But I could stroll. I could walk away from the subways on Montague Street, and as I turned to do so I saw a young woman walking toward me, marching really, shoulders up by her ears, face a knot, math going. How much time, how many blocks, when could she afford a building with a doorman, laundry, a view? Not yet. She was not many years out of college. She’d foregone stockings and her legs under her skirt were pink with the cold, though she would not concede to it. Spring meant no stockings. She gripped a magazine in one hand like she might hit someone with it and glanced at me dismissively. Hadn’t I somewhere to go? For as long as our eyes met I knew a moment’s panic. And with guilt I thought of my own bills. I had a new roof to put on the building. I could afford it. Over time. Yes. There was time.
I watched her as she crossed Atlantic Avenue into Brooklyn Heights, where I used to live with my husband. I had considered moving farther away but only made it to the other side of Atlantic. To Pacific Street. From Atlantic to Pacific, no real distance at all.
I almost didn’t see Mitchell Braunstein making his way down the street. Even from two blocks and some away, I could observe how he had challenged his leanness. His head and arms, hanging, looked carelessly attached; his steps were smaller than usual for a man of his height, six feet or so. I do not know how far he’d run, but it looked as though he’d gone full out and was accounting for it now. He hadn’t seen me yet, and before I could decide to avoid greeting him or not, he appeared to remember something; he looked stricken with the remembering and went back in the direction he’d come. It was his urgency that made me follow him. Perhaps he’d dropped his key or his wallet. Perhaps I could help. Landlords had some obligations, and my head was not clear.

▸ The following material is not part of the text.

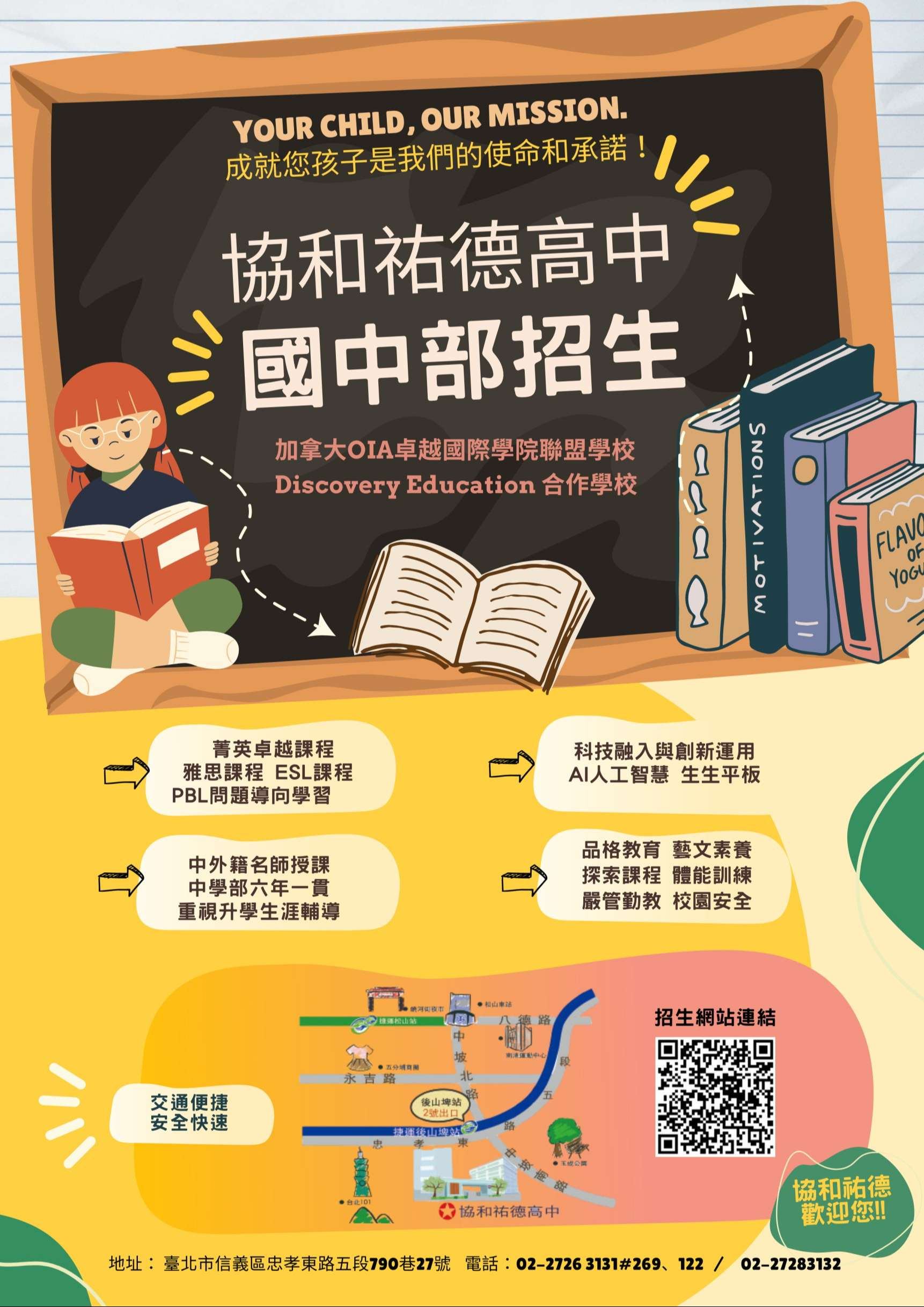一、祐德高中國中部為家有四五六年級生之家長辦理多場招生說明會, 詳細說明招收國中部之教育理念、辦學願景及課程特色… 等,歡迎關心孩子教育的家長踴躍報名。

He walked quickly and so did I. When he broke into a trot, I did the same. Then he halted just short of Atlantic Avenue, as if he’d run into something or someone. His body reared up slightly. He paced, appeared to catch his breath, then bent to put his hands on his knees, his elbows making dangerous angles for anyone who came too close. His head lowered again. It looked like he might let it fall at last, let it go, that great heavy head of his, and just when I thought so, thought I should turn back before he saw me seeing him, turn into the tide of commuters who did not have time to take Mitchell or me in, he set off again. This time, thankfully, he simply walked at a pitch. One I could match, at a remove.
He led me across Atlantic. I could not pass from Cobble Hill into the Heights without feeling a slippage, sometimes light, sometimes severe, into the past. I did not do it often. But if I kept my focus on him, on what was new, the new chill, the forsythia with its whiplike limbs tipping a new yellow, trying to bloom despite the cold, I could navigate it, yes, with Mitchell, my tenant of over four years, on Henry Street, turning on Montague, past the used bookstore from which my husband and I had taken home so many books, past the Polish diner where we ate boiled pierogi and suffered the indifference of the bored Polish waitstaff, to the Promenade.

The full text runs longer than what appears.